Eskamani, the state representative who had previously feuded with Greenberg over his anti-Muslim social media comments, recalled receiving a voice mail from Greenberg on July 4, 2019. In the recording, Greenberg said: “Hi, Anna” and then handed off the phone to Gaetz, who told her that she is the “future of the Democratic Party,” Eskamani recalled.

“It was super weird,” she said, adding that most Trump-aligned officials that day were attending Trump’s “Salute to America” celebration at the Lincoln Memorial in Washington D.C., while Gaetz was hanging out with Greenberg in Florida.

In the latest and fourth indictment filed by the U.S. attorney’s office this week, prosecutors say that Greenberg — just days after he was arrested on the initial stalking charges, which was quickly followed by his resignation from public office — restarted two of his former companies and used them to obtain more than $432,000 in fraudulent loans meant to help small businesses during the COVID-19 pandemic shutdown.

Greenberg also is accused of diverting more than $400,000 in public money from the tax collector’s office into a private bank account and into a business he set up to buy and sell cryptocurrencies and machines used to mine cryptocurrencies. An arraignment is scheduled for April 9.

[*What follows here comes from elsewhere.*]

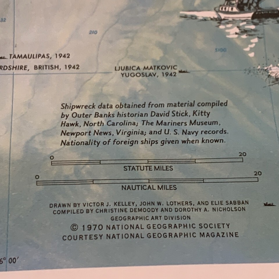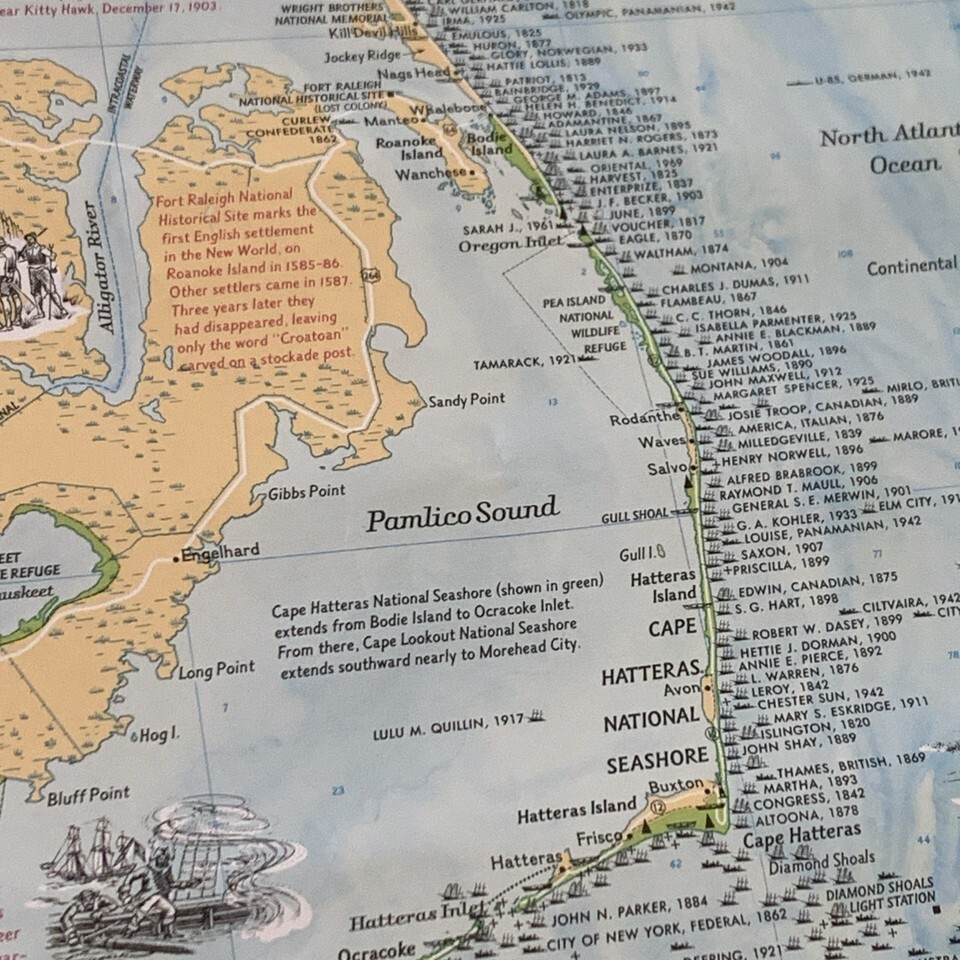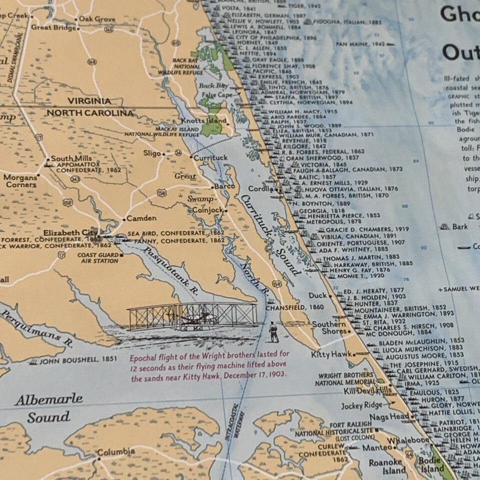 1970 National Geographic Map Ghost Fleet Outer Banks North Carolina Vintage

Greenberg also faces charges from three previous grand jury indictments that he stalked a political opponent, illegally used a state database and old driver’s licenses to create fake IDs and sex trafficked of a minor. He has pleaded not guilty to those 14 previous charges.

His trial is scheduled for mid-June in federal court in downtown Orlando. However, that could be delayed. If convicted on all counts, he could likely face decades in federal prison.

How the investigation of Greenberg led federal authorities to also take aim at Gaetz is unclear. The New York Times report on the probe said it centered on allegations that Gaetz had a sexual relationship with a 17-year-old girl and paid for her to travel with him.

Greenberg is charged by the U.S. attorney’s office of using a confidential state database to produce false identification that facilitated his sex trafficking of a girl between the ages of 14 and 17.

No charges have been brought against Gaetz, and it’s unknown if the allegations are connected.

Orlando Sentinel staff writer Jason Garcia contributed to this report.